Every country has a national holiday. France celebrates the storming of the Bastille. Mexico celebrates the revolt that began their war for independence from Spain. Sweden celebrates the election of a king. Belgium celebrates the ascension of one. India celebrates the transfer of power from Britain. Japan celebrates the emperor’s birthday.
America’s Independence Day is not the day the war began, nor the day it ended. It’s not the ascension of a leader, let alone his birthday. It is the day we declared our independence, in writing—the day we laid down the principles and the justification for our existence. It is a moral and philosophical holiday.
The Declaration of Independence is the greatest political document ever written, and the founding of America is a monumental human achievement. After thousands of years of monarchy, in almost every large-scale society, for most of human history—after all the tyrants and all the bloody wars of succession—a small group of daring leaders made a bold experiment in a new and better form of government. And they changed the world, setting off a chain of revolutions and reforms: today most of the Western world enjoys representative government, and most of its monarchies are constitutional or ceremonial.
The Founders did not know, could not have known, what would come of their experiment. They hoped that it would survive, that their fledgling nation would not become subordinated to the much stronger and constantly warring great powers of Europe, that the union of several independent states would last and not descend into fractious squabbling. They could never have guessed that the nation they birthed would go on to become the largest and most powerful economy on Earth, that we would lead the world in science and invention, that we would fight and win two world wars, that we would plant our flag on the Moon.

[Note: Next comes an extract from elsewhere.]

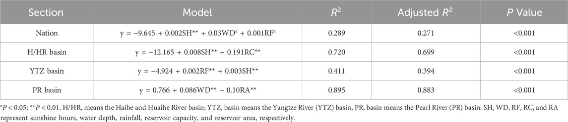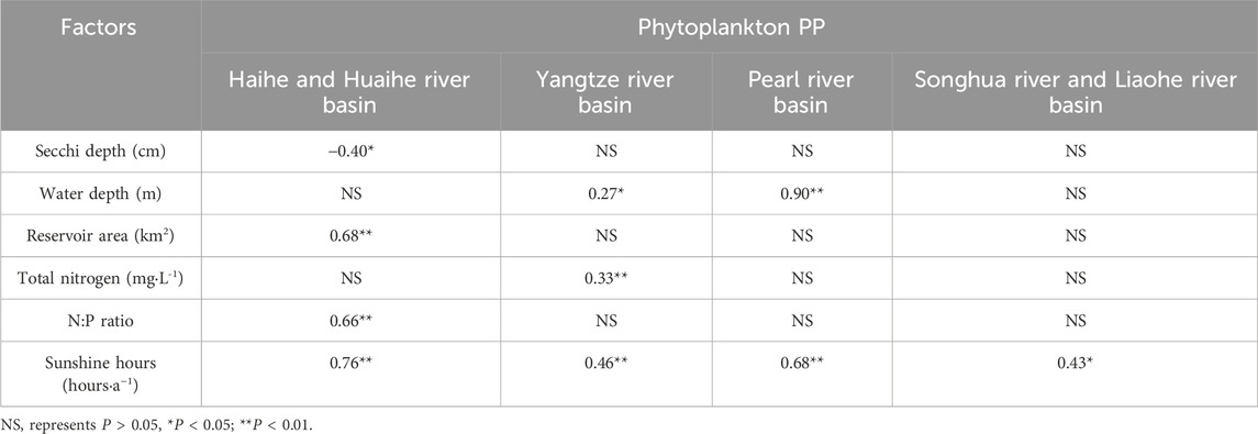 Sixteen variables were analyzed to identify key drivers of phytoplankton PP in Chinese reservoirs. Sunshine hours, water depth, and rainfall emerged as primary predictors, though the stepwise regression model explained 28.9% of PP variation (Table 3). Regionally, the Yellow River (YR) and Songhua River and Liaohe River (S/LR) basins showed non-significant regression results. Significant drivers included: Sunshine hours and Reservoir capacity (explaining 70.0% variation) in the Haihe and Huaihe River (H/HR) basin; Sunshine hours and average rainfall (41.1%) in the Yangtze (YTZ) basin; water depth and reservoir area (89.5%) in Pearl River (PR) basin.

This 250th anniversary, then, should be a time of reverence and a time of joy. But today, some of those who feel the most reverence are also those who feel the least joy.
I understand why. We have not achieved the ideal of “a government of laws and not of men.” Our institutions have become bloated and sclerotic. We once again face a geopolitical rival with an authoritarian regime; collectivism was not defeated in the Cold War after all.
Some say that America is in a period of decadence, faltering and directionless. Some liken our condition to the last stage of the Roman Republic. Some say that this is the way of the world—empires rise and they fall.
But the American spirit is the opposite of such fatalism. I cannot, will not, resign myself to American stagnation, sclerosis, and decline.
As great as the Declaration was, the greatness of America is not only that we declared and won our independence. It is also in all the achievements since. That we unified the colonies into a strong federal system, under a brilliant Constitution. That we made the Louisiana Purchase and expanded into the West. That we abolished slavery. That we invented the reaper, the light bulb, the telephone, the airplane, the assembly line, the television, the computer, the Internet. That we gave a home to so many immigrants, from so many places, that they called us a “melting pot.” That we built the transcontinental railroad, the Panama Canal, the interstate highway system. That we gave women the vote. That we gave the world jazz and Hollywood. That we defeated the Nazis and faced down the Soviets. That we eliminated polio and led the eradication of smallpox.
Nor did the Declaration birth a perfect nation. We have always faced, and will always face, problems and threats both from without and from within. We have been plagued by corruption and scandal, rocked by banking crises, torn by civil war. We have known the fear of atomic warfare and of Sputniks orbiting overhead. Again and again, we have fought ourselves: over equal rights for all races and sexes, over whether to welcome foreigners or exclude them, over Prohibition.
When I look at the history of America, I don’t see a story of decline. I see a story of progress—however messy and hard-won. I see a long stumbling towards the light. That is the true way of the world.
And I see the spirit of America still strong among those who have not forgotten. Those who are building rockets and supersonic jets and nuclear power plants; those who are curing cancer and obesity and aging; those who are still tirelessly defending the rule of law, separation of powers, and freedom of speech. And I see Americans, sometimes in the crudest possible way, groping towards rediscovering our national self-esteem.
In America’s darkest hour, less than a century after its birth, Lincoln asked his countrymen to rededicate themselves to cause of liberty, and to the great unfinished work in front of them. He called on them to resolve that the nation would see a rebirth of freedom. Now, after a quarter-millennium, it is time for us to do that once more.
May the next 250 years do justice to the progress of the last 250.


Many nations have helped their people flourish. But only America has been constructed from the ground up as an *engine* of human flourishing, a nation with an *imperative* to enact a better becoming. I look forward to living it out another 250 years - at least.
Thanks for that. Happy Independence Day!